I am also on the lookout for any seasoned mecha modellers out there from all over the planet willing to dedicate some time to making this community the best it can be. Send me a message on the GundamUK facebook page if you are interested!

I shall keep ya’ll updated on the facebook page as to the status of my move. I need to make a new spray booth, and photography area.. looking forward to this project 🙂

 

 

Has Bandai made us lazy modellers?

In a recent discussion with my fellow countryman Bearded Builds, I was given the proposition that, Bandai kits make people lazy modellers. It’s always been an elephant in the room, in that we were talking about working on resin kits, and having just received an adorable GMGouf resin kit from e2046 I was complaining about the masking aspect of the project is somewhat daunting. Then, looking behind me on the shelf I realised I had been building up a collection of resin kits and conversion kits that had not been worked on, at all.

Most resin kits, in case you don’t know are not snap-fit. They’re not colour separated (most of the time) and they require a degree of cleaning up, sanding, gluing and pinning into a fixed position, all before you actually start painting and masking. They have an advantage though – they’re crisp in detail, and you’ll find much more unusual, obscure and cool designs outside the realm of conventional licensing.

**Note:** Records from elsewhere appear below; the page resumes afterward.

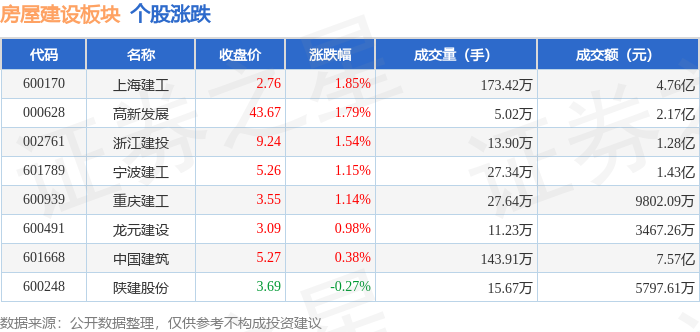 证券之星消息,11月24日房屋建设板块较上一交易日上涨0.59%,上海建工领涨。当日上证指数报收于3836.77,上涨0.05%。深证成指报收于12585.08,上涨0.37%。房屋建设板块个股涨跌见下表: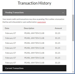 I received a notification from my CC app saying, 'Your credit card purchase for $1.00 at PEARL JAM TEN CLUB was approved' But no where on my CC transactions does it show that. Also, I haven't received an email confirming my lottery selections as of yet.0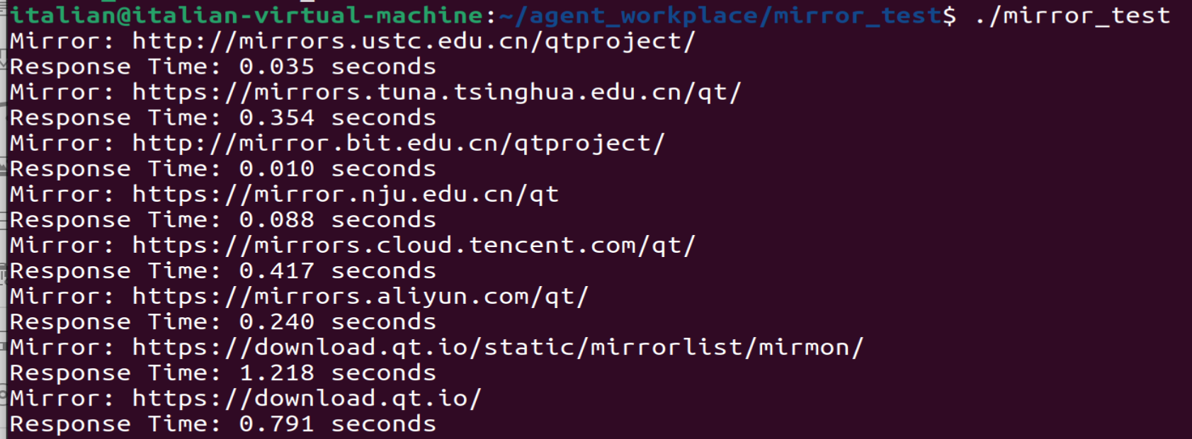 printf("Mirror: %s\nResponse Time: %.3f seconds\n", mirrors[i], response_time);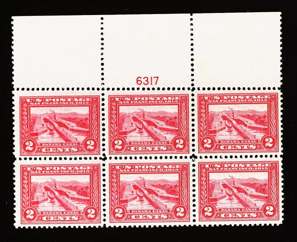 468 nhX 398 image#398, 2c Panama-Pacific, full top margin plate no. 6317 block of six, wonderfully fresh and bright, with intensely rich color, well centered, o.g., n.h., very fine; a particularly choice full top plate block. (Image) 400.00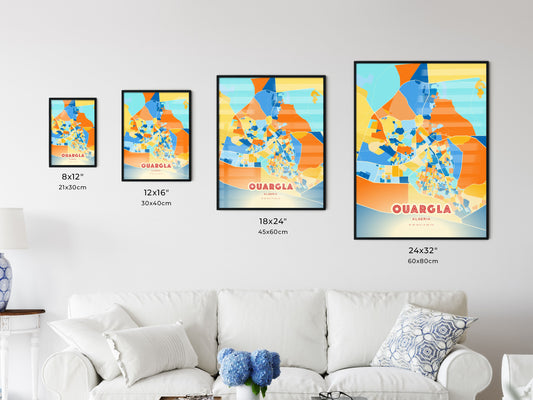 Colorful OUARGLA ALGERIA Fine Art Map Poster | Customizable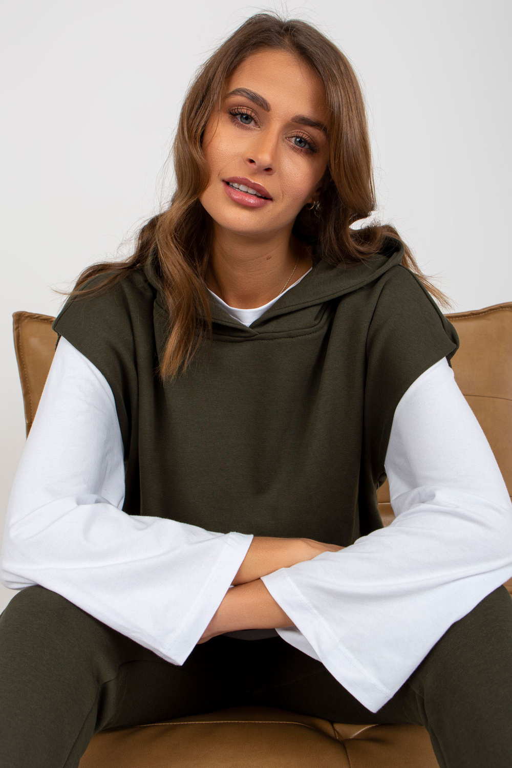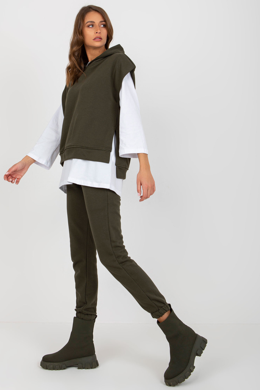 Chaki spalvos trijų dalių laisvalaikio rinkinys su gobtuvu.

So, that reeling feeling that I get when thinking about the work involved in constructing a resin kit – I blame entirely on the ingenious and ease-of-assembly you get with standard Bandai gunpla, where I started my modelling journey. Has this standard, now become the baseline expectation for the majority of mecha modellers? Is the majority of the mech modelling hobby, entitled, even spoiled? or is this just how the hobby has evolved with new technology and innovation, and it’s exposure to newer generations of aspiring modellers?

I thought I was one of the ‘old farts’ of the mech modelling world, shaking my stick at newbies saying ‘you don’t know what real modelling is!’ but I’ve come to the realisation that in comparison to those who have been doing it for decades, I’m a spring lamb naively pouncing in a field of flowers without a care in the world.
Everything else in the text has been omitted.